Attempt to attenuate electrical line noise at fixed frequencies, via spectrum interpolation

This command implements a spectrum interpolation approch to correcting certain types of line noise in EEG or other signals, following the approach described here.

Briefly, this approach works as follows:

  • obtain the amplitude spectrum via FFT

  • for fixed frequency windows, interpolate amplitude with mean of flanking regions

  • with phases unchanged, use Euler’s formula to obtain complex Fourier spectrum but with modified amplitudes

  • apply the inverse FFT to obtain a corrected time-domain signal

Parameters
Parameter Example Description
sig ${eeg} Specify which signals to apply this method to
f 20,40,60 One or more target frequencies to set to missing and interpolate
w 1,0.5 Bandwidth of noise and neighbour intervals
Output

No output, just modifies the internal signals.

Example

Here is one example recording with considerable line noise: the raw signal (left panel) for a single epoch, and the equivalent frequency spectrum up to 128 Hz (right panel). As well as line noise at 60 Hz, there are clear sub-harmonics at 4 Hz intervals, from which extend down into the regions typically considered of high physiological relevance for the sleep EEG, i.e. < 20 Hz.

img

Zooming into the <25 Hz range, here we see the mean PSD for the entire sample (in this case, hundreds of individuals, many of whom turn out to share the same signature of electrical line noise, as was evident when looking at the full sample-level spectra up to 128 Hz):

img

Although the impact on sample-level mean power in this frequency range is not extreme, in terms of individual differences, we see a clear and disturbing pattern, whereby the presence or absence of line-noise seems to drive clear spikes in the variance of power, and these seem to overwhelm physiological sources of between-individual variation. Naturally, this represents a rather large source of potential confounding.

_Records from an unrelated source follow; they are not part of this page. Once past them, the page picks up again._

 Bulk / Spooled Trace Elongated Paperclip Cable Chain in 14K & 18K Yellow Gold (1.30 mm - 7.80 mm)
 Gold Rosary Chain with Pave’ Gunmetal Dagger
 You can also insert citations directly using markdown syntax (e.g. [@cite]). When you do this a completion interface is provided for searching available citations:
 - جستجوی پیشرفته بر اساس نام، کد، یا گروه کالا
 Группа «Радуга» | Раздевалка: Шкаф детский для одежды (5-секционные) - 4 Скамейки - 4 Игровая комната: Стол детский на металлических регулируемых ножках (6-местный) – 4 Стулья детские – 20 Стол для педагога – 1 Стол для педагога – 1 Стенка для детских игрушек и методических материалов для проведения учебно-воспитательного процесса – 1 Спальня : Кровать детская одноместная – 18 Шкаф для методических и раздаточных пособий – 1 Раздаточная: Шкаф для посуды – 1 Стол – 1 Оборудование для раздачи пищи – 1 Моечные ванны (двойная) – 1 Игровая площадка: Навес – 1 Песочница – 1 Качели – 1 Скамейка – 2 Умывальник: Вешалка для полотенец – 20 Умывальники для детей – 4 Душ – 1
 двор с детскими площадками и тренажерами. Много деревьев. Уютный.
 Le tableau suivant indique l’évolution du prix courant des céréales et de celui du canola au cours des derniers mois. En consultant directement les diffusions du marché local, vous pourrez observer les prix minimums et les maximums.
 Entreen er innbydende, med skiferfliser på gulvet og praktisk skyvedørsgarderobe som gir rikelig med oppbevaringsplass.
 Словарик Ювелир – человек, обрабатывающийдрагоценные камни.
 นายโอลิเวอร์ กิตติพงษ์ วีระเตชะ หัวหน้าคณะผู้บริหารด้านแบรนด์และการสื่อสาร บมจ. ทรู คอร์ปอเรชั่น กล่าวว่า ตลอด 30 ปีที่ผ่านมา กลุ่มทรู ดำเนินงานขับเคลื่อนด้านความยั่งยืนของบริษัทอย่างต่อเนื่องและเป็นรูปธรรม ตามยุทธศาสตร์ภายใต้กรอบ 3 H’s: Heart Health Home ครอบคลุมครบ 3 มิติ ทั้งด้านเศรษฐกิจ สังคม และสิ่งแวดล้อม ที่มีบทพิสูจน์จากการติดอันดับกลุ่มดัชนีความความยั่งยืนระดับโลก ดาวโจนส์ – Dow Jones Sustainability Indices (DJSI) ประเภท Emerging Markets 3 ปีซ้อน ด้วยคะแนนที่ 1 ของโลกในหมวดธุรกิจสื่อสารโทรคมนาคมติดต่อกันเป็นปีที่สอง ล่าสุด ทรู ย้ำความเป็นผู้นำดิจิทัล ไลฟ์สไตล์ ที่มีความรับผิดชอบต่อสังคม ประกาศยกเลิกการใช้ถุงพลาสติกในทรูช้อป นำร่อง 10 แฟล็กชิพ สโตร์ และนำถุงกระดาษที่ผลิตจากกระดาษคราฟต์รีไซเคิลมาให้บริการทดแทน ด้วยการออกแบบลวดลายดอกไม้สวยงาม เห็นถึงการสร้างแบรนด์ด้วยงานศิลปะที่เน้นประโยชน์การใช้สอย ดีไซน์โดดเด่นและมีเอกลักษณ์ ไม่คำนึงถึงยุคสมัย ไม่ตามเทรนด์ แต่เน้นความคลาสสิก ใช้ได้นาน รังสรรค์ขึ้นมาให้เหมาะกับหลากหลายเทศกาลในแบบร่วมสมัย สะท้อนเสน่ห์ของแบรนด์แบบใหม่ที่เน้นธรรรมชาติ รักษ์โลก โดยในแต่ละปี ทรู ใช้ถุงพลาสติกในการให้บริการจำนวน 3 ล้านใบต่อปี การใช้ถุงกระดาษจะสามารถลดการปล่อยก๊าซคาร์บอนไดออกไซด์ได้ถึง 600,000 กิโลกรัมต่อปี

We can apply the LINE-DENOISE approach to this sample, as follows (showing here just targetted frequencies up to 24 Hz); (nb. normally, one would add other commands, e.g. PSD or WRITE out new EDFs after running LINE-DENOISE):

luna s.lst –s LINE-DENOISE sig=${eeg} f=4,8,12,16,20,24 w=1,0.5

Warning

In this particular case, we observed relatively clear fixed-frequency artifacts across many individuals: naturally, in different samples, different individuals (or different portions of the recording) may show different patterns, and so this simple, one-size-fits-all approach may not be optimal.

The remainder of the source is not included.